The autumn nights are cooler and there is usually a nice breeze to accompany the All Hallow's Eve parties, loud music and kids going door to door trick-or-treating. Tonight I am looking out my window at the world passing me by and wondering what am I doing here. See, usually on Halloween I am with my best friend Jason it is his birthday. Back in Atlanta there are tons of parties to go to and of course I know everybody. To be honest this is the first Halloween in years that I haven't dressed up and done something cool with my friend. I have several other friends that have their birthday on this very night, it has been a long time since I got to spend the holiday with them. But I will never forget how I met James and his brother Jason that are born on October 31st. I had gone to Dallas to hang with another best friend that lived with me in Florida. We all got dressed up and went to this huge party and I had a blast. I fell in love with Dallas that very night and have been back a few times since then. The great thing is that after all these years I have still kept in touch with James and Jason a great pair of guys, totally opposites for twins, but really cool to hang out with. I also have another friend named Tony that lives in Atlanta and today is also his birthday. So I guess tonight you could say that I am feeling rather homesick and that I wish I was there with my friends to celebrate and have a good time.

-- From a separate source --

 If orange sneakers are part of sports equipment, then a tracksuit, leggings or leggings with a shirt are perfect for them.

Tonight it is cool here on Daytona Beach but there is a full moon that I am watching as I type this. I am wondering what all of my friends are up too. I wonder if they know how much I miss each one of them, and how I am thinking about them on this very night. How I am hoping and praying that whatever they are doing that they are safe and having a great time. But I also have another wish for all of my friends that I mentioned above, I hope they all find and hold on to the love that is looking desperately to find them, and that their whole year is blessed with Joy and Laughter. Life is too short for all the stress and angst the world wants to through at us. It helps to swallow the bitter with a bit of humor if you ask me. But my wish is also that they find success in their endeavors and fortune in love and be surrounded by friends and loved ones that are supportive of their choices and opinions. Each of us needs to have a network to fall back on, and we need that group to be unconditional in the support of our endeavors, our goals and will be willing to help us reach our dreams.

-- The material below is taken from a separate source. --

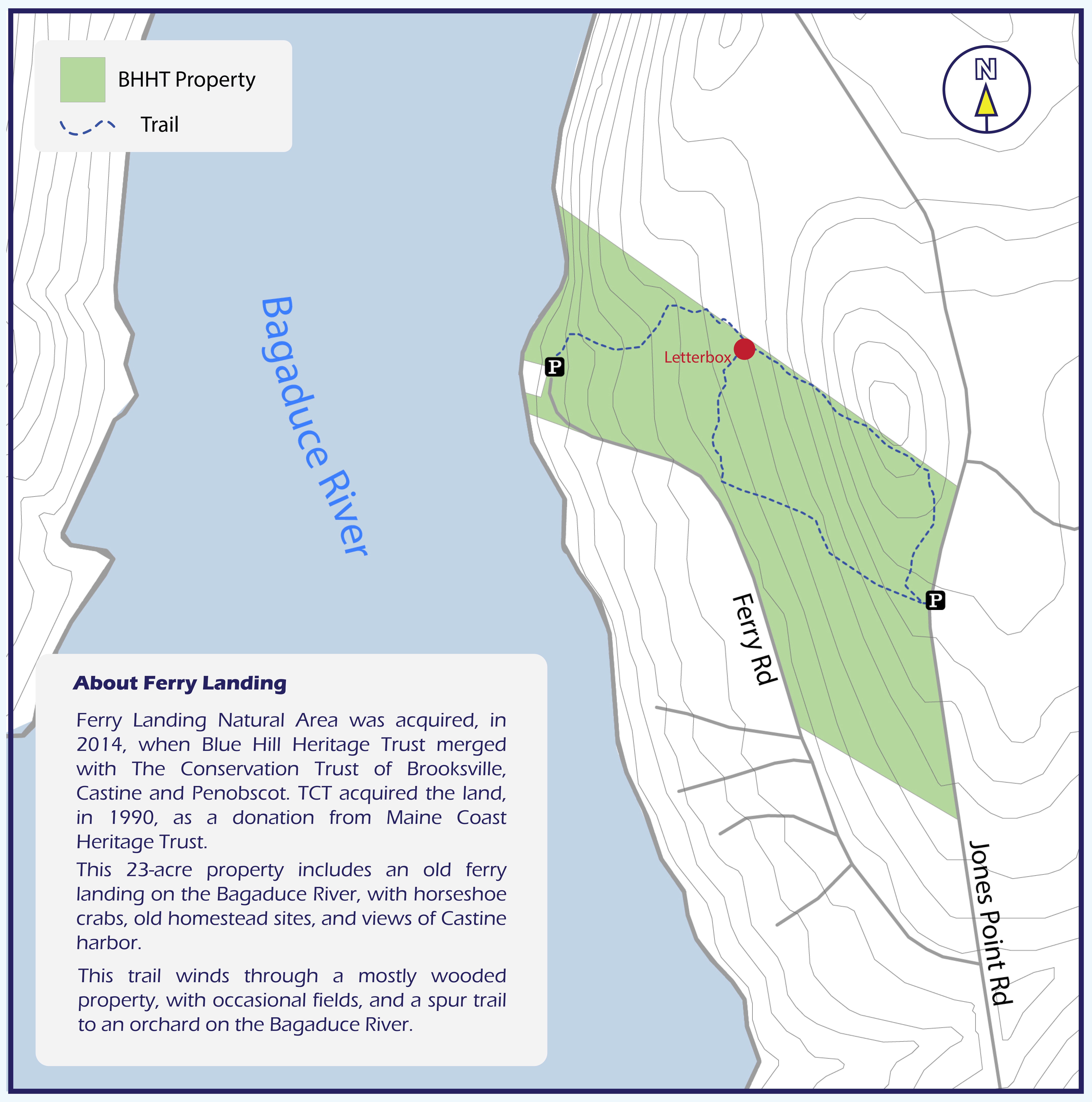 Ferry Landing Natural Area (Brooksville): Cross the Bagaduce Reversing Falls Bridge on Route 175/176. At the stop sign, take a right, following Route 176. Follow this for approximately 3 miles, until you come to the intersection that is the center of West Brooksville. Take a sharp right onto Ferry Road. After 1 mile the road splits. Take the right fork, the Jones Point Road. The Ferry Landing Natural Area parking area is on the left with a Blue Hill Heritage Trust sign. The parking area is limited to 2 vehicles.

Halloween is symbolic of many things. They say that the veil between the world's thin and that it is a night that the dead can come back to life, or commune with the living. But it also the end of a season and heralds a time of renewing and rebirth. See it is the autumn that is the time when life has shut down and it goes dormant for a period, regains strength and purpose, so that when spring returns it can burst forth with fresh growth and new life. It is a time of renewal and regeneration. To let go of the past and move forward. Of course it is also a night that kids around the world get to go out in costume and get candy. But it is time for winding down in the world. Even in Corporate and State business it is a time of winding down. Budgets are coming to a close and executives are diligently trying to get the new years budgets done and submitted for approval. It is also the coming of the holidays, for the next several months there are many holidays Thanksgiving, Christmas and New Years. So even the mighty corporations and conglomerates are showing signs of slowing down. Funny how we humans mimic the cycles of nature and follow the rest and hibernating cycles of the earth.
But the reason why it is my favorite holiday and time of year is because it is a juxtaposition, summer has begun to leave us, and autumn hasn't fully gotten it's hold on the world yet, the leaves are exploding in vibrant colors and are still on the trees, and the colder temperatures haven't exactly crept upon us and robbed us of the warmth. The days are still warm and the nights cool, and it is a time of festivity and revelry. It is time when we can get out and dress up and be something that we normally aren't. It is a time when we can actually be 100 percent honest to the true self that resides in each of us. With our masks on and costumes we can cut up and be the carefree spirits we were meant to be. Instead of the dull suits that work in the office Monday thru Friday, or the school teach stuck in a classroom 9 hours a day, or the bus driver that doesn't say a word unless spoken too or incident occurs. It is a time when we can reach out an explore the side of ourselves that we keep repressed and hidden from the world to see. It is also a time of celebration and gathering with friends to have parties and spend some time with others.
So what are you doing this very Halloween Night? I know that I am sitting here writing to you, because unfortunately as I stated above, I am home sick, lonely and on top of that I am really not feeling all that well. But my well wishes go out to my friends and the ones I love whose very special day it is and who I am unable to spend my time with. I hope that they are all safe and having a great night. I do know that at least one of them is at home celebrating alone...So from my heart to yours..enjoy that glass of wine and know that I was thinking about you and sending you my warmest wishes and best hopes.
I love everyone of you guys...I love you my readers and friends and I hope that you begin to enjoy Halloween like I have for the past 20 years. Get out there and experience life. Because the cycle of hibernation and rest is about to befall you...it is the last fun time you have before the drudgery of the holidays and endless lines of bickering people in the stores. Take the time now, because you aren't going to get it later.
Happy Halloween to All! Happy Birthday James, Jason, Jason (Sa'corey), and Tony! Have a great night and a glorious rest of the week and a most Excellent year!